Segment Start: DATA BELOW

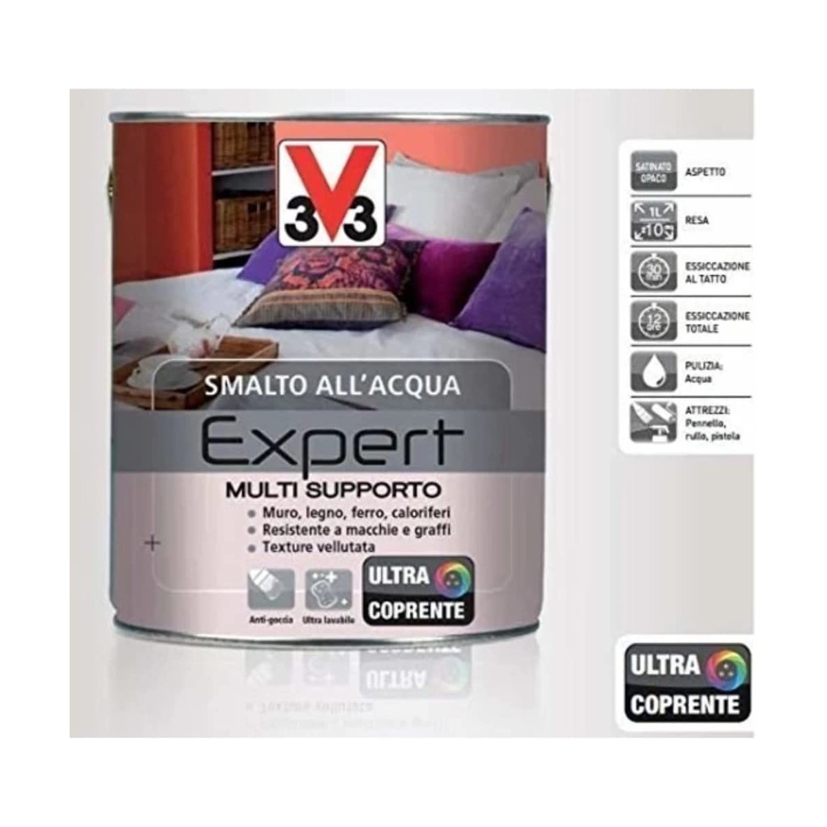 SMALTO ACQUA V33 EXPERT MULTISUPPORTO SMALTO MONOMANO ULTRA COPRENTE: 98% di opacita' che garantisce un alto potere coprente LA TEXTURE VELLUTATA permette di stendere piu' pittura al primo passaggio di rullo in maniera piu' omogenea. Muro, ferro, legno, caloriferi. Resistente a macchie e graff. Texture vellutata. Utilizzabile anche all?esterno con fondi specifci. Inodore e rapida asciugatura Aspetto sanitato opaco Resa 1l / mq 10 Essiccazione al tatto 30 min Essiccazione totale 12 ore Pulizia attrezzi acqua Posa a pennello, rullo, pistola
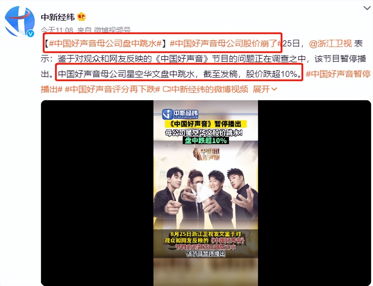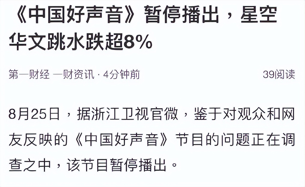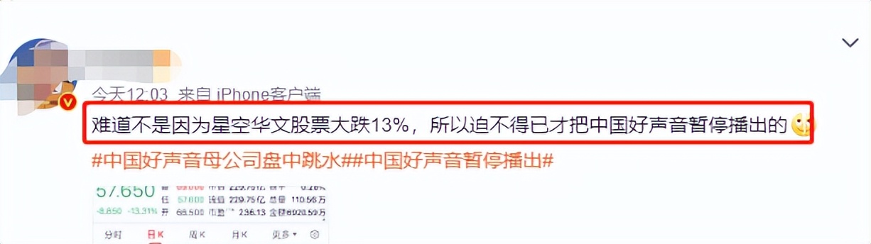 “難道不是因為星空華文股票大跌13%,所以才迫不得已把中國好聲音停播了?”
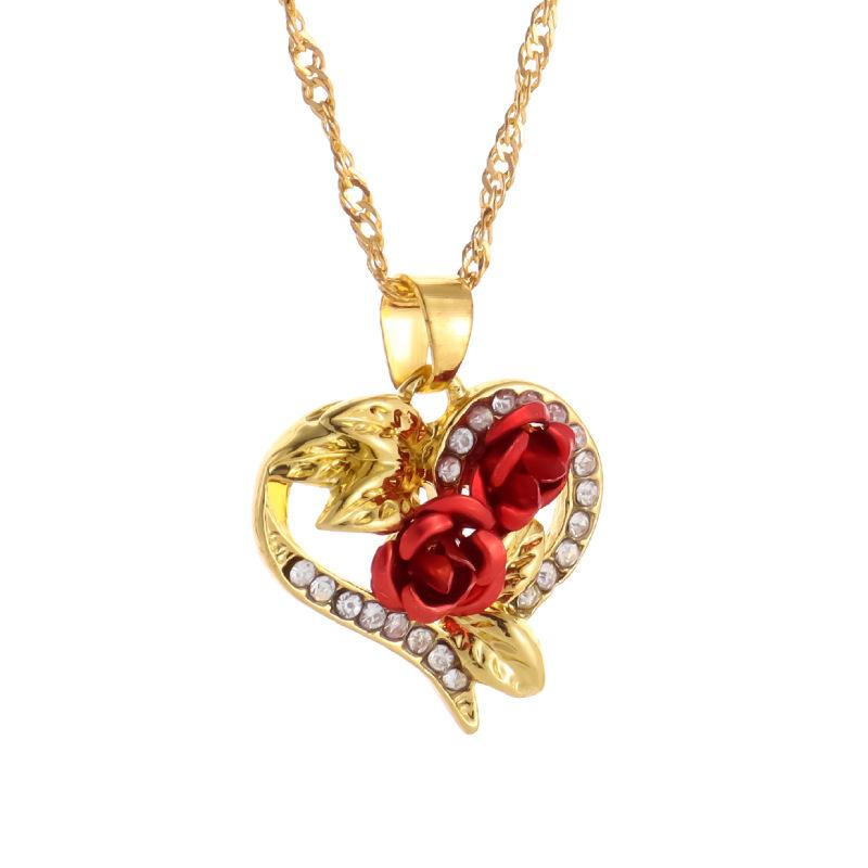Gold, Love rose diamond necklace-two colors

Segment End: DATA BELOW

**DIRECTIONS FOR THIS TASK:** Through to the final line, copy the material above exactly and skip the images.

**TASK RESPONSE:**
 SMALTO ACQUA V33 EXPERT MULTISUPPORTO SMALTO MONOMANO ULTRA COPRENTE: 98% di opacita' che garantisce un alto potere coprente LA TEXTURE VELLUTATA permette di stendere piu' pittura al primo passaggio di rullo in maniera piu' omogenea. Muro, ferro, legno, caloriferi. Resistente a macchie e graff. Texture vellutata. Utilizzabile anche all?esterno con fondi specifci. Inodore e rapida asciugatura Aspetto sanitato opaco Resa 1l / mq 10 Essiccazione al tatto 30 min Essiccazione totale 12 ore Pulizia attrezzi acqua Posa a pennello, rullo, pistola
 “難道不是因為星空華文股票大跌13%,所以才迫不得已把中國好聲音停播了?”
Gold, Love rose diamond necklace-two colors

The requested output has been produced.